— Сжечь их, сжечь, по басурманскому обычаю! — кричали одни.
— У вас, верно, дров много припасено — возражали другие. — Стоит тратить дерево на эту погань!.. Повыволакивать их в степь, а воронье знает свое дело и живо распорядится с ними…
— Волки помогут…
— Лучше закопать, — советовали третьи.
— Как же, держи карман! — слышались возражения. — Кто это станет для них землю копать?..
— Верно, братцы-товарищи! Верно говорите! — возвысил голос кошевой атаман Иван Сирко. — Не нужно нам ни дров переводить, ни зверье дразнить, ни мерзлую землю копать… Отдадим их днепровским глубинам и быстринам… Старый Днепр все устроит, как следует, как лучше. Он умчит их в синее море, а волны пусть несут их хоть до самого Стамбула, к султану в гости.
Мысль кошевого встретила общее сочувствие, и казаки сейчас же отправились к Днепру рубить полыньи. В это время другие приготовляли арканы… Работа кипела.
Когда среди Днепра были вырублены огромные полыньи, работавшие на льду казаки доложили атаманам, что все готово, и стали по приказу кошевого стягивать арканами смерзшиеся тела янычар на лед. Эта страшная работа заняла полтора дня. Очистив затем сечевые улицы и переулки от следов бойни, казаки приступили к дележу добычи, состоявшей преимущественно из оружия янычар.
В толпе стоял и Микола Кавун, указавши янычарам путь к сечевым куреням. Обрадованные удачей, товарищи не спросили его, каким образом он один уцелел из всей стражи. Куренный атаман протянул ему ятаган дамасской стали и кривой кинжал, в дорогих кожаных ножнах.
Кавун дрожащей рукой взял оружие и, опустив глаза в землю, отошел прочь.
— Ну, и добрая штука досталась тебе братику! — говорили ему окружавшие казаки.
Кавун посмотрел на них исподлобья и побрел к своему куреню но, заглянув в дверь, и увидя торжествующих товарищей, он не вошел в курень, а направился в сторону, подальше от людных мест. Бессознательно, помимо своей воли, он очутился у дубового частокола и долго смотрел на ту калитку, которую он изменнически открыл и указал янычарам.
Еще недавно, во время святочных гулянок, Микола Кавун был одним из самых веселых членов своего куреня. Он и плясал до упаду, и джигитовал, и лазал на столбы за призами, вызывая своими шутками-прибаутками дружный, раскатистый смех, любо-дорого было смотреть на этого расходившегося молодца. А сегодня, сегодня его трудно было узнать…
Он просто постарел за последние двое суток и выглядел человеком, вынесшим на своих плечах тяжкое неотвратимое горе.
Он сам не понимал, что с ним делается. Вот и дорогой ятаган, полученный во время дележки, казался ему вдруг тяжелым, до того тяжелым, что он бросил его в снег, как вещь никуда не годную, служащую лишней обузой.

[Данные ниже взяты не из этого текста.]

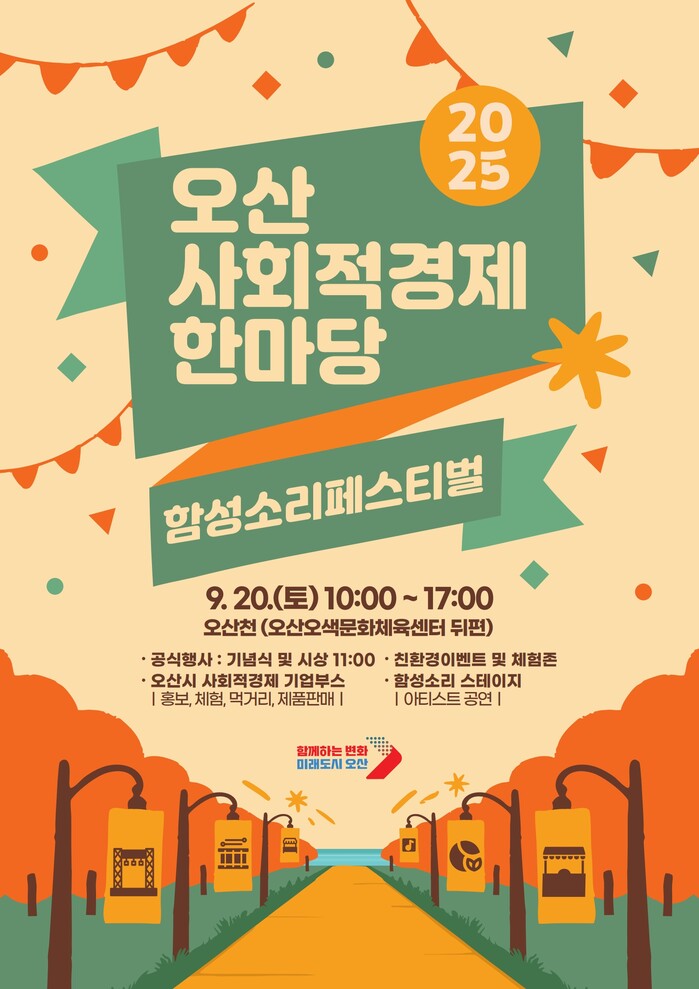 오산시(시장 이권재)가 사회적경제기업과 함께 지역경제에 활력을 불어넣고 시민이 체감하는 상생 문화를 확산하기 위해 ‘2025 사회적경제한마당’을 연다.

— Тяжко, тяжко! — вырвался у него вопль, и он сейчас же боязливо оглянулся. Ему все казалось, что за ним подсматривают, шпионят и в чем-то хотят уличить.
Когда десяток турецких сабель скрестились над его головой, он чувствовал, что жизнь есть высшее благо, и чтобы не лишиться этого блага, решился даже на измену. И вот это благо при нем… Откуда же этот страх?.. Почему ему все люди стали чужды и ненавистны? Почему его душу сжимает такая тоска?..
Не понимал молодой казак, что он сам своей изменой навеки убил душевный покой и отравил собственную совесть. Теперь эта отравленная совесть жестоко мстила ему. Он нигде не находил себе места. По ночам, в томительном полусне он видел круглую сечевую площадь, наполненную народом, видел позорный столб и разложенные возле него свежие, белые кии; ему слышалось даже, как эти кии рассекают со свистом воздух, и по спине у него пробегал мороз. Взглянуть кому-нибудь прямо в глаза было для него величайшей пыткой. Больная совесть на все набросила свой покров, и сквозь этот покров даже солнце представлялось ему тусклым и бледным кружком. Свет померк для него.